ODIN: A Single Model for 2D and 3D Segmentation (2401.02416v3)

Published 4 Jan 2024 in cs.CV, cs.AI, cs.LG, and cs.RO

Abstract: State-of-the-art models on contemporary 3D segmentation benchmarks like ScanNet consume and label dataset-provided 3D point clouds, obtained through post processing of sensed multiview RGB-D images. They are typically trained in-domain, forego large-scale 2D pre-training and outperform alternatives that featurize the posed RGB-D multiview images instead. The gap in performance between methods that consume posed images versus post-processed 3D point clouds has fueled the belief that 2D and 3D perception require distinct model architectures. In this paper, we challenge this view and propose ODIN (Omni-Dimensional INstance segmentation), a model that can segment and label both 2D RGB images and 3D point clouds, using a transformer architecture that alternates between 2D within-view and 3D cross-view information fusion. Our model differentiates 2D and 3D feature operations through the positional encodings of the tokens involved, which capture pixel coordinates for 2D patch tokens and 3D coordinates for 3D feature tokens. ODIN achieves state-of-the-art performance on ScanNet200, Matterport3D and AI2THOR 3D instance segmentation benchmarks, and competitive performance on ScanNet, S3DIS and COCO. It outperforms all previous works by a wide margin when the sensed 3D point cloud is used in place of the point cloud sampled from 3D mesh. When used as the 3D perception engine in an instructable embodied agent architecture, it sets a new state-of-the-art on the TEACh action-from-dialogue benchmark. Our code and checkpoints can be found at the project website (https://odin-seg.github.io).

References (61)

Citations (2)

View on Semantic Scholar

Summary

The paper presents a unified transformer-based model for fusing 2D and 3D instance segmentation, achieving competitive results on multiple benchmarks.
It alternates between 2D within-view and 3D cross-view fusion, employing positional encodings to effectively distinguish features.
The model supports practical applications such as embodied agent integration and raw sensor data processing for responsive AI systems.

Overview of ODIN

ODIN--an acronym for Omni-Dimensional INstance segmentation--is an innovative model pioneering in the field of both 2D and 3D perception using a transformer structure.
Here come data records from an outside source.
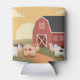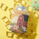 Three cows next to a red barn at sunset with one line of customizable text on the front.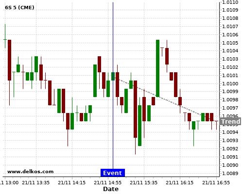 This probability is based on the last 12 EMU Consumer Confidence Flash events, in which 5 of the last 7 events where the actual number was greater than than the economist consensus resulted in an down trend of 6S.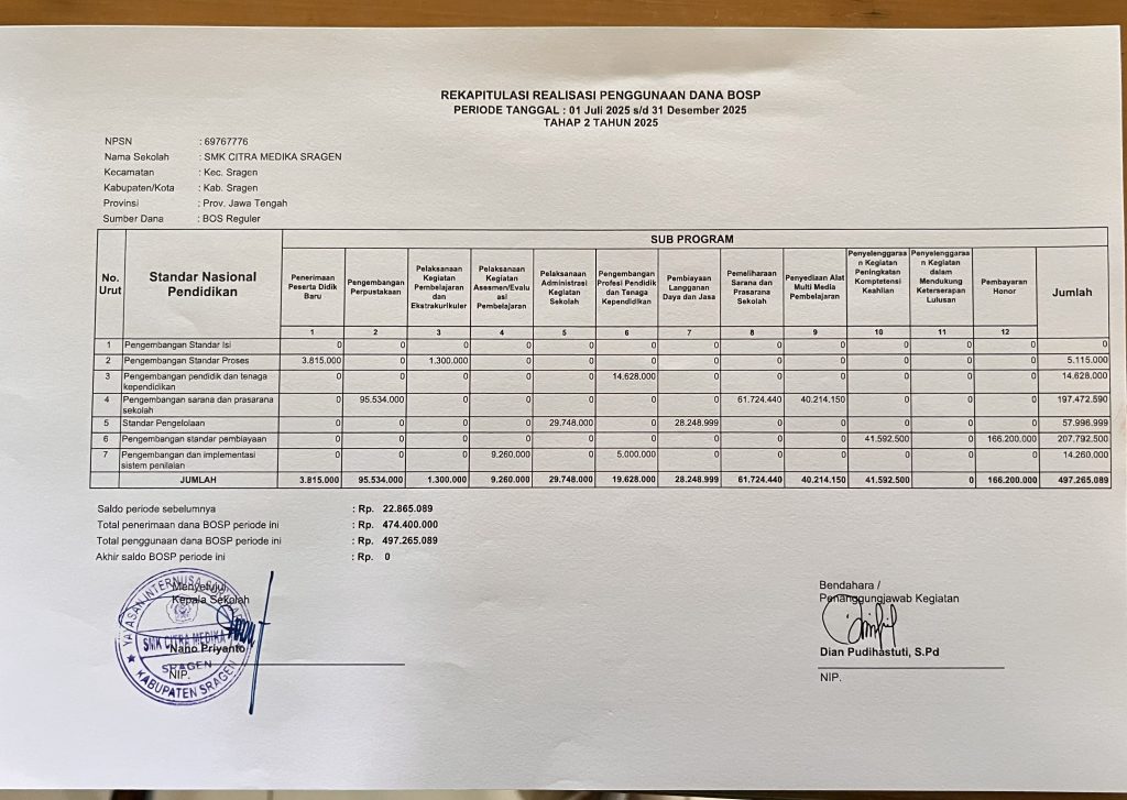 Updated on 6 January 20266 January 2026/ admin REKAPITULASI REALISASI PENGGUNAAN DANA BOSP PERIODE TANGGAL : 1 JULI 2025 sd 31 DESEMBER 2025 TAHAP 2 TAHUN 2025Tak Berkategori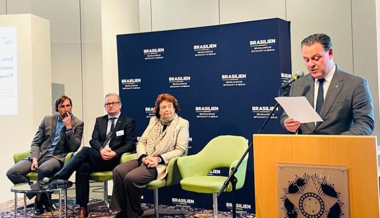 O Ministro da Agricultura e Pecuária, Carlos Fávaro, disse nesta sexta-feira (20), em evento na Embaixada do Brasil em Berlim, que é possível alcançar uma relação harmoniosa e complementar entre a produção agropecuária e a preservação ambiental. Durante o fórum “Como Alemanha e Brasil podem mudar sistemas alimentares?”, Fávaro destacou que as tecnologias desenvolvidas no Brasil têm contribuído para adaptar a produção agrícola às mudanças climáticas, mas ainda é preciso enfrentar o desafio do desmatamento.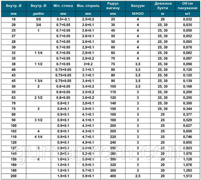 Структура і колір: Складається з прозорої пластикової стінки з ПУ та жорсткої ПВХ спіралі, яка може бути сірою, чорною або білою. Внутрішня поверхня стінки достатньо гладенька, тоді як зовнішня має ребристу, сильно рифлену текстуру. На замовлення можливий інший колір спіралі та стінки.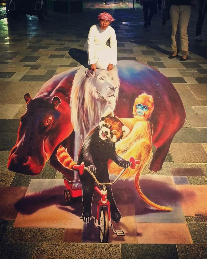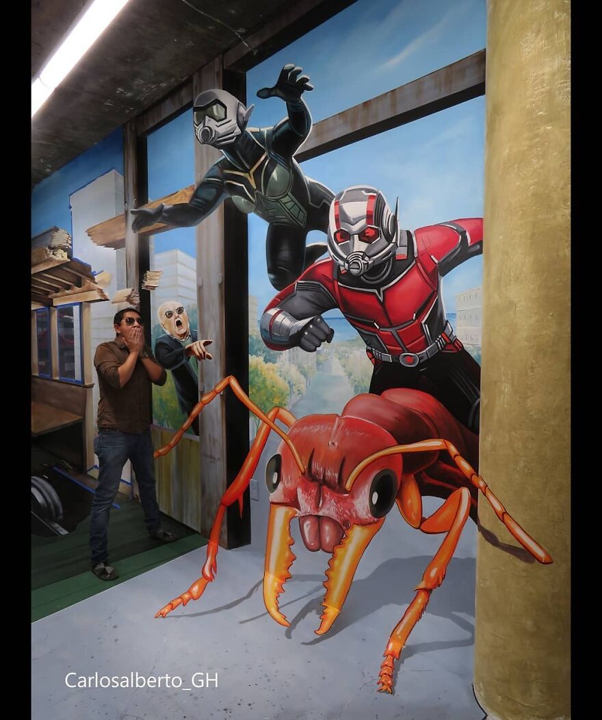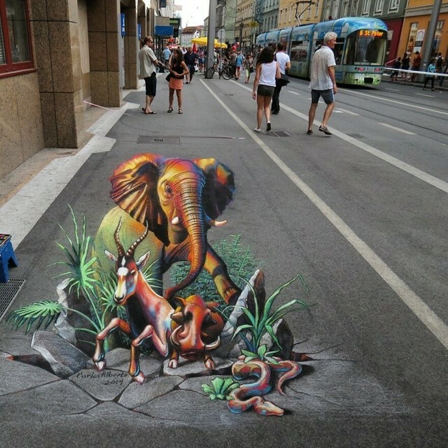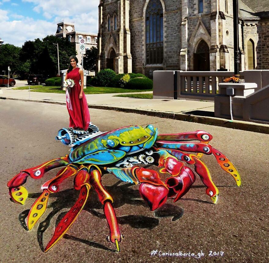Podczas gdy niektórzy domniemani „artyści grafitti” umieszczają swoją wątpliwą sztukę w najmniej odpowiednich miejscach, inni przekształcają przestrzenie miejskie w miejsca rodem z innego świata. Utalentowany 31-letni meksykański artysta Carlos Alberto GH, mieszkający obecnie w Guadalajarze, tworzy niezwykłą anamorficzną sztukę uliczną. Przekształca on nudne przestrzenie w surrealistyczne sceny, które ożywają, gdy patrzy się na nie pod odpowiednim kątem. Wygląda to tak, jakby jego kreacje wyskakiwały z chodnika lub ścian, a najlepsze jest to, że może się wydawać, jakby wchodziło się z nimi w interakcję! Artysta po mistrzowsku bawi się cieniami i perspektywą, tworząc kolorowe, trójwymiarowe złudzenia optyczne, które sprawią, że każdy przechodzień zatrzyma się na chwilę i obróci głowę, próbując sprawdzić, jakim cudem jest to możliwe.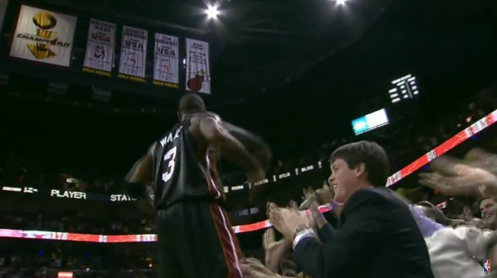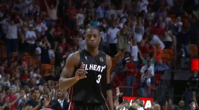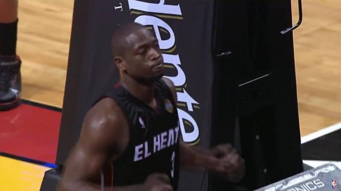 韦德跳上技术台肆意庆祝,This is my house!闪电侠是何等的霸气啊!!!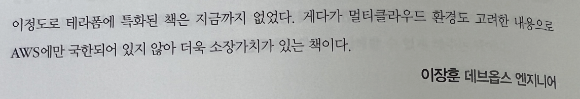 그리고 테라폼만 전문적으로 출간한 책은 <<Terraform up and running>> 정도가 유명한데 벌써 3판까지 나왔으나 아직 번역서가 출간되지 않아서 영어로만 읽을 수 있다. 번역된 2판은 이미 오래전에 나와서 변화된 내용도 많다. 따라서 가장 따끈따끈한 지식을 한국 저자가 쓴 내용으로 읽을 수 있기 때문에 이것만으로도 엄청 강점이라고 할 수 있다.

Leveraging a sophisticated architecture, ODIN is proficient at integrating information within a single view and across multiple views to deliver instance segmentation and labeling. A key differentiator of this model is its proficiency in parsing multiview RGB-D sequences as well as single RGB images, embracing an approach that intertwines 2D and 3D fusion during the processing stages.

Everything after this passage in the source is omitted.